(Work to complete)
The answer consists of the lines from the line holding "Some areas of" through the last line of the entries, retyped exactly, and nothing else. No pictures belong in it.

(Provided entries)
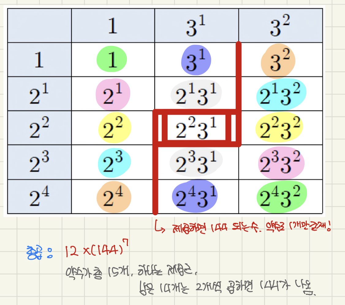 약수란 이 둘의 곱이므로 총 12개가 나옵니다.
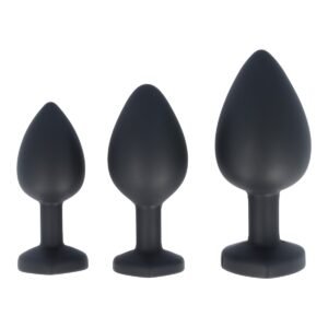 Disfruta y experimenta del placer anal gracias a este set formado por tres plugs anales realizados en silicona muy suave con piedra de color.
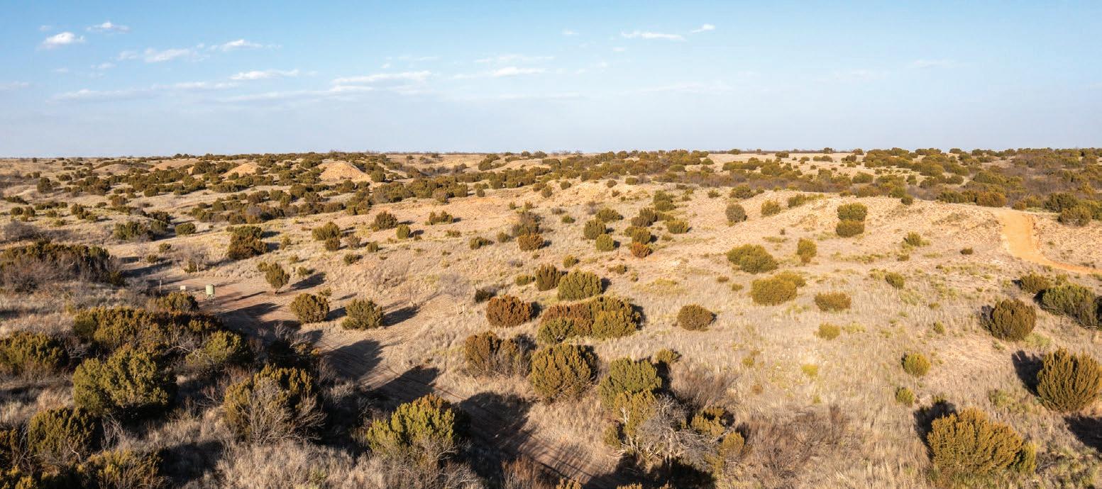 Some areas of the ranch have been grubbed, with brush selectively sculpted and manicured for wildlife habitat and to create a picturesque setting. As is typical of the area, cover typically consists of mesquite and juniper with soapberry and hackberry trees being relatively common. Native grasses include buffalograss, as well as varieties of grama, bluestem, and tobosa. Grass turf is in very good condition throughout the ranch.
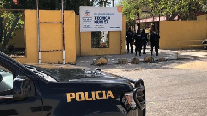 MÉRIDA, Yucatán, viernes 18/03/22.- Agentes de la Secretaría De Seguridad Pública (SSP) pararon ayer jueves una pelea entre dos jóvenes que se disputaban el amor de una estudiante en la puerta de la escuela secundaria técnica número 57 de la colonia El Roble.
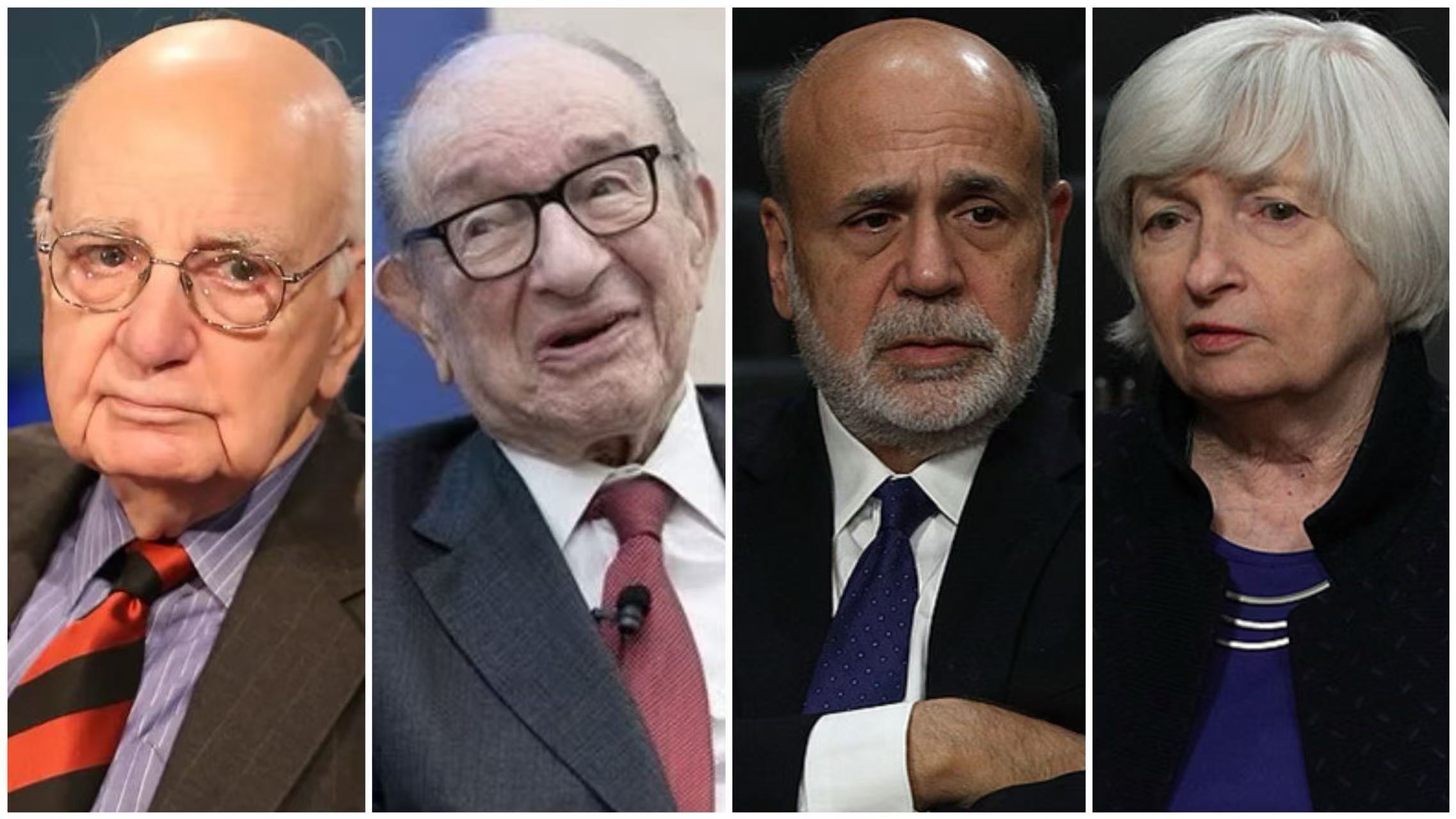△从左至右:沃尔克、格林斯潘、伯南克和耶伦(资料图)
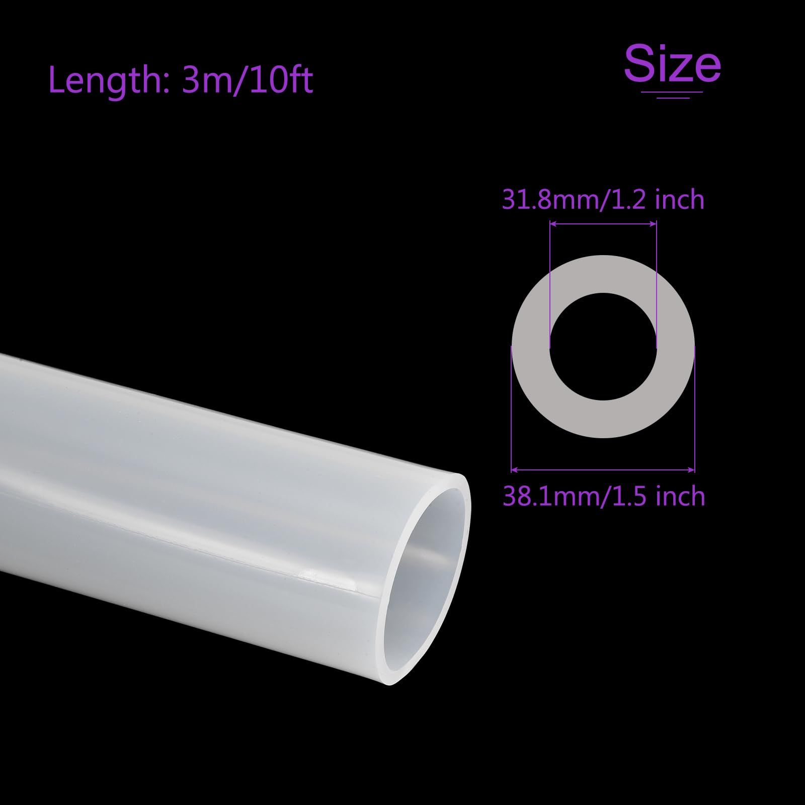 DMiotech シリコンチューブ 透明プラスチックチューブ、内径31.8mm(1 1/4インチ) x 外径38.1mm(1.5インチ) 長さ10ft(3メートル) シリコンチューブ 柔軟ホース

(Output for this task)
 Some areas of the ranch have been grubbed, with brush selectively sculpted and manicured for wildlife habitat and to create a picturesque setting. As is typical of the area, cover typically consists of mesquite and juniper with soapberry and hackberry trees being relatively common. Native grasses include buffalograss, as well as varieties of grama, bluestem, and tobosa. Grass turf is in very good condition throughout the ranch.
 MÉRIDA, Yucatán, viernes 18/03/22.- Agentes de la Secretaría De Seguridad Pública (SSP) pararon ayer jueves una pelea entre dos jóvenes que se disputaban el amor de una estudiante en la puerta de la escuela secundaria técnica número 57 de la colonia El Roble.
△从左至右:沃尔克、格林斯潘、伯南克和耶伦(资料图)
 DMiotech シリコンチューブ 透明プラスチックチューブ、内径31.8mm(1 1/4インチ) x 外径38.1mm(1.5インチ) 長さ10ft(3メートル) シリコンチューブ 柔軟ホース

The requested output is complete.